Task instructions:
From the line holding "Mass spectrum of" through the line holding "San Diego (Oct." below, write out every line exactly; include both of those lines and drop the pictures.

Material provided:
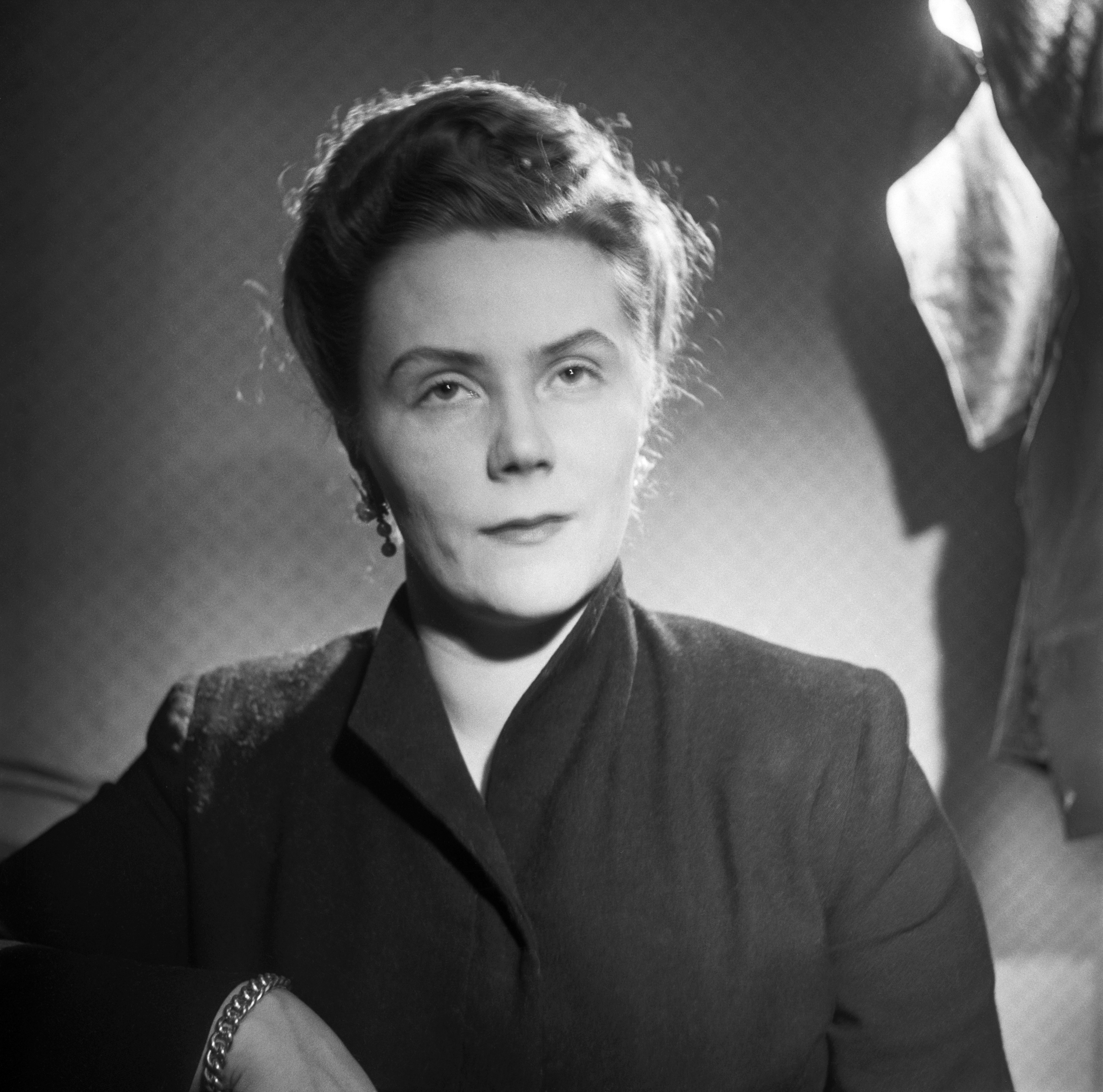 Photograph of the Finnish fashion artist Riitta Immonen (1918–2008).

* * *

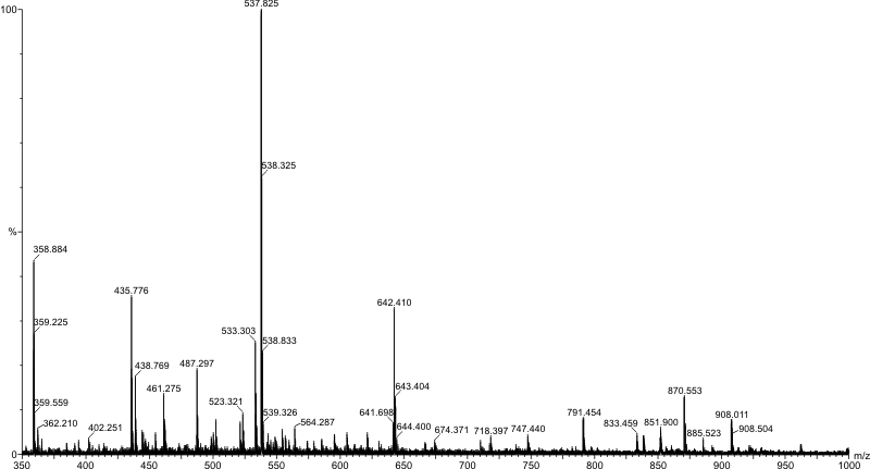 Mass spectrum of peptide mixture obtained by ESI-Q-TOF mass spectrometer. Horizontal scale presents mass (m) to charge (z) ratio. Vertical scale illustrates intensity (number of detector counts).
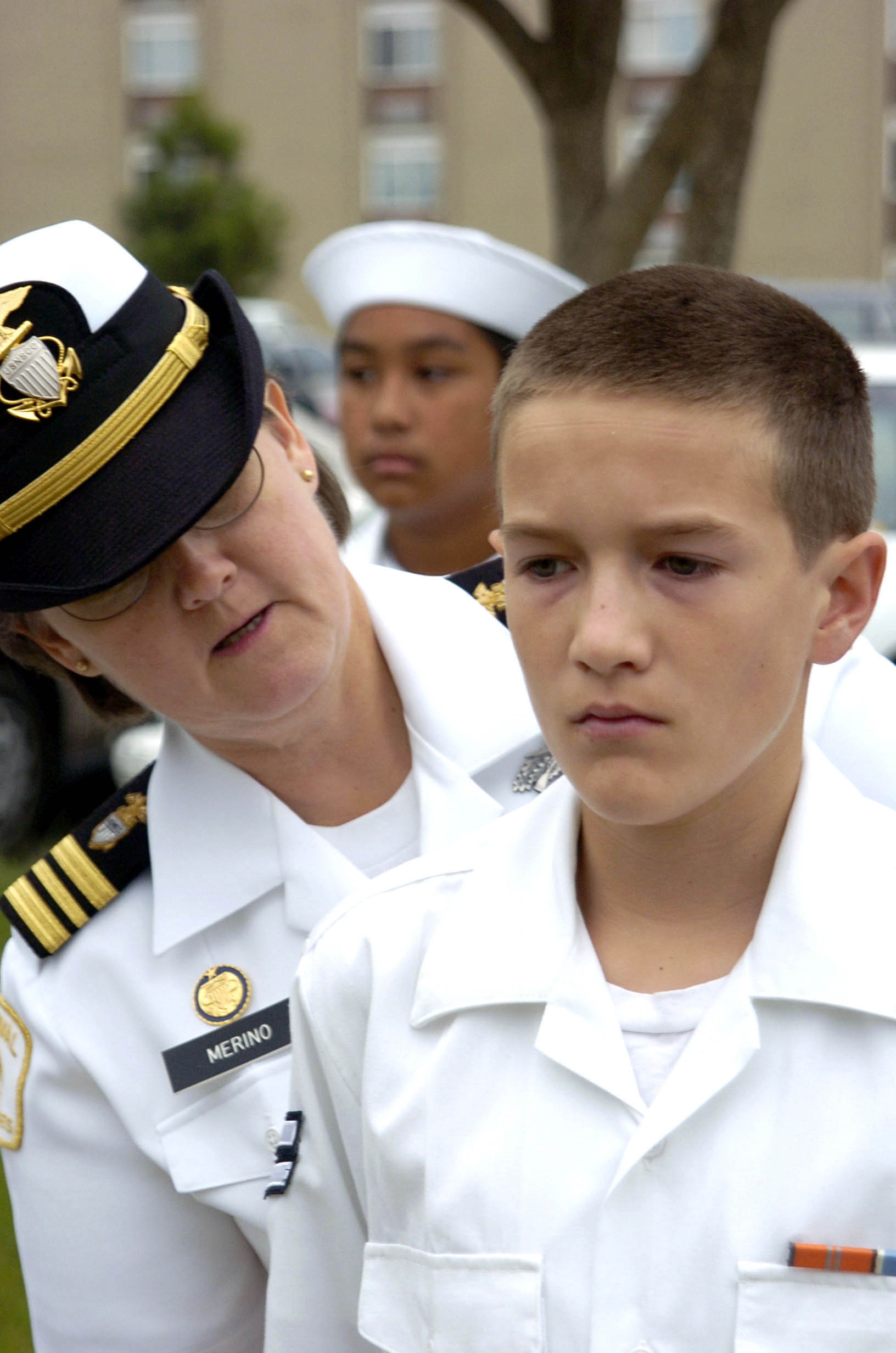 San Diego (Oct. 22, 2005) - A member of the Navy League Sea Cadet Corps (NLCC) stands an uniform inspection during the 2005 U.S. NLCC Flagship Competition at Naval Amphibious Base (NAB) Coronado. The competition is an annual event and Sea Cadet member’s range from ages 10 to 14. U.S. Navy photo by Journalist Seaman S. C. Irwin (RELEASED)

Response box:
 Mass spectrum of peptide mixture obtained by ESI-Q-TOF mass spectrometer. Horizontal scale presents mass (m) to charge (z) ratio. Vertical scale illustrates intensity (number of detector counts).
 San Diego (Oct. 22, 2005) - A member of the Navy League Sea Cadet Corps (NLCC) stands an uniform inspection during the 2005 U.S. NLCC Flagship Competition at Naval Amphibious Base (NAB) Coronado. The competition is an annual event and Sea Cadet member’s range from ages 10 to 14. U.S. Navy photo by Journalist Seaman S. C. Irwin (RELEASED)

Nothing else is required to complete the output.